In the earlier judiciary acts of the United States, the general jurisdiction of the courts of the United States, as depending upon the suit being of a criminal or of a civil nature, was usually defined by the words 'any cause, civil [166 U.S. 424, 426] or criminal' (Rev. St. 637); or 'any civil suit or criminal prosecution' ( Rev. St. 641, 643); or, on the one hand, by the words 'crimes and offenses,' and, on the other hand, by the words 'suits of a civil nature, at common law or in equity,' or 'suits at common law,' or 'civil actions' ( Act Sept. 24, 1789, c. 20, 9, 11, 22 [1 Stat. 76-79, 84]; Act March 3, 1875, c. 137, 1, 2 [18 Stat. 470]; Rev. St. 563, cls. 1, 4; Id. 629, cls. 1, 3, 20; Id. 633).

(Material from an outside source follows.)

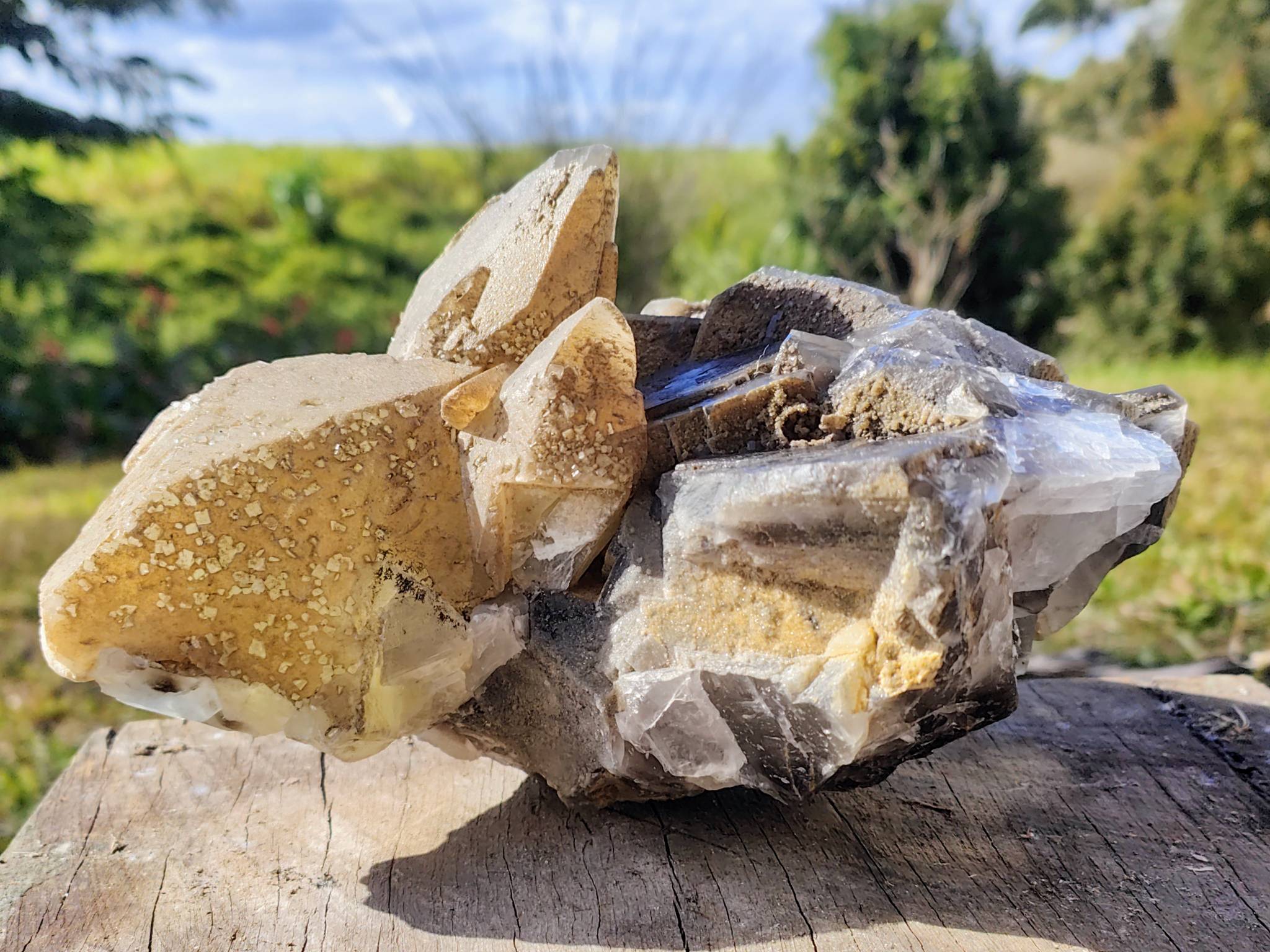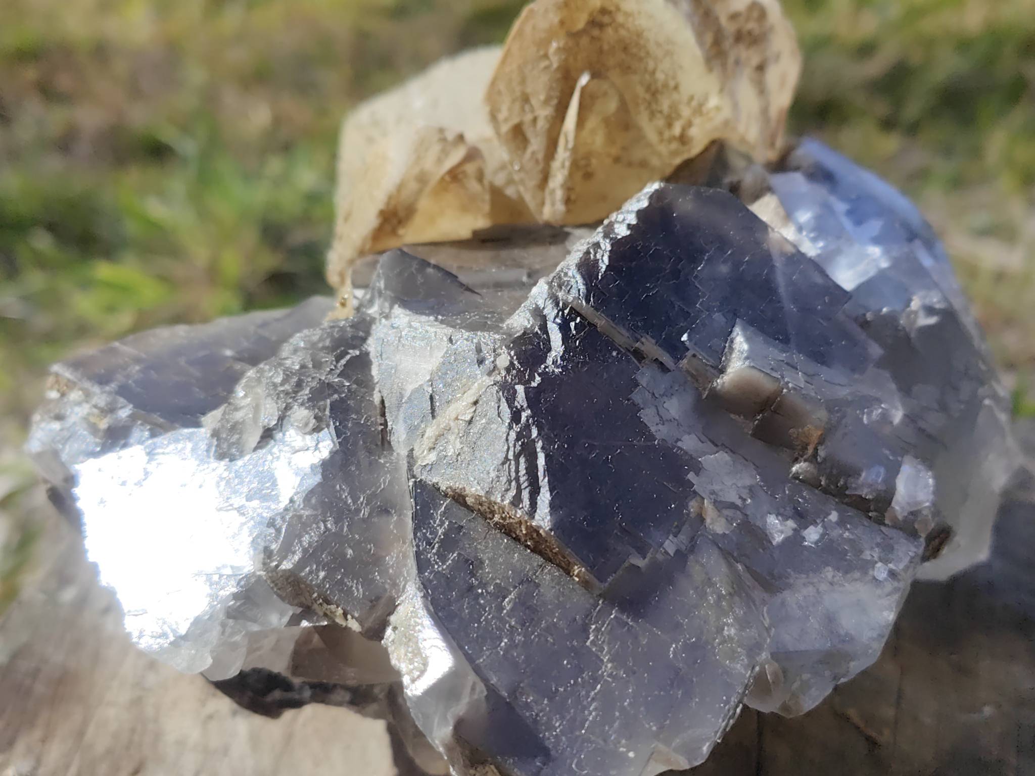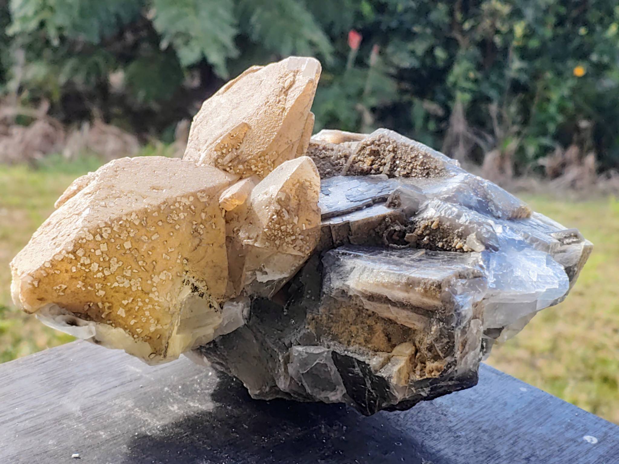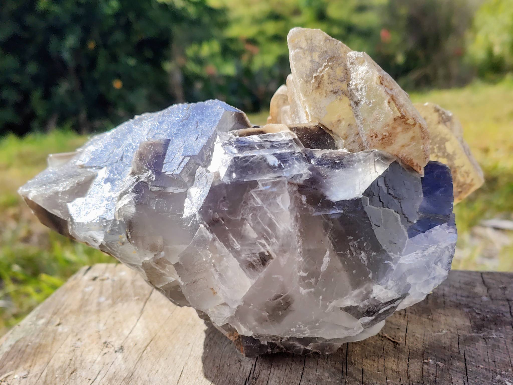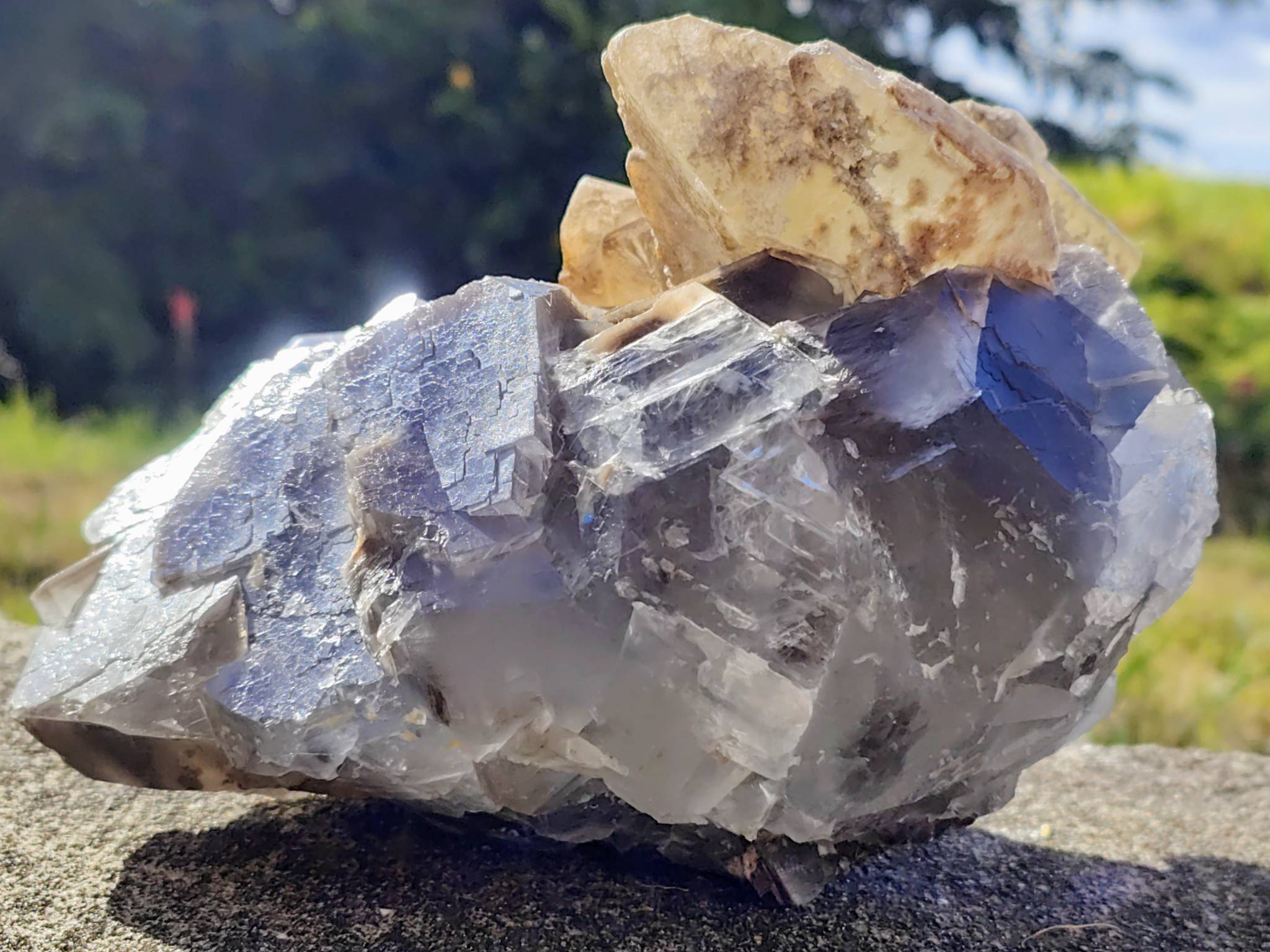 Large calcite crystals on large fluorite from Pakistan. 4.54kg and 24cm!! Blue grey, consisting of natural blue fluorite with a final layer of pale brown/grey giving an unusual colour. This has not been irradiated like most of the blue Chinese fluorite.

Under those acts, a writ of scire facias upon a recognizance to answer a criminal charge might have been deemed a civil action. Stearns v. Barrett, 1 Mason, 153, Fed. Cas. No. 13,337; U. S. v. Payne, 147 U.S. 687, 690 , 13 S. Sup. Ct. 442; Com. v. McNeill, 19 Pick. 127; Com. v. Stebbins, 4 Gray, 25; State v. Kinne, 41 N. H. 238. Yet see Respublica v. Cobbet, 8 Dall. 467; Id., 2 Yeates, 352; Com. v. Philadelphia Commissioners, 8 Serg . & R. 151; State v. Cornig, 42 La. Ann. 416, 7 South. 698; State v. Murmann, 124 Mo. 502, 507, 28 S. W. 2.
But the phraseology of the act of March 3, 1891, c. 517, is quite different in this respect. After providing, in section 5, that writs of error may be taken from the district courts or from the existing circuit courts directly to this court 'in cases of conviction of a capital or otherwise infamous crime' (since restricted by the act of January 20, 1897, c. 18, to convictions of capital crimes only), it provides, in section 6, that in all cases, other than those provided for in section 5, the circuit courts of appeals shall have appellate jurisdiction, and that their judgments shall be final 'in all cases arising' 'under the criminal laws.' 26 Stat. 828.
A writ of scire facias upon a recognizance to answer to a charge of crime, even if it be, technically considered, a civil action, and only incidental and collateral to the criminal prosecution, is certainly a case arising under the criminal laws; for it is a suit to enforce the penalty of a recognizance taken to secure the appearance of the principal to answer the charge and to abide any sentence against him. The provision of section 1014 of the Revised Statutes, under which the recognizance in suit was taken, is contained in chapter 18 of title 13 of the Revised Statutes, under the [166 U.S. 424, 427] head of 'Criminal Procedure,' and in the first of the sections regulating arrest, bail, indictments, pleadings, commitments, challenges, witnesses, trial, verdict, sentence, and execution, in criminal cases; and this recognizance is, as it is described in section 1020, a 'recognizance in a criminal cause.'
Writ of error dismissed for want of jurisdiction.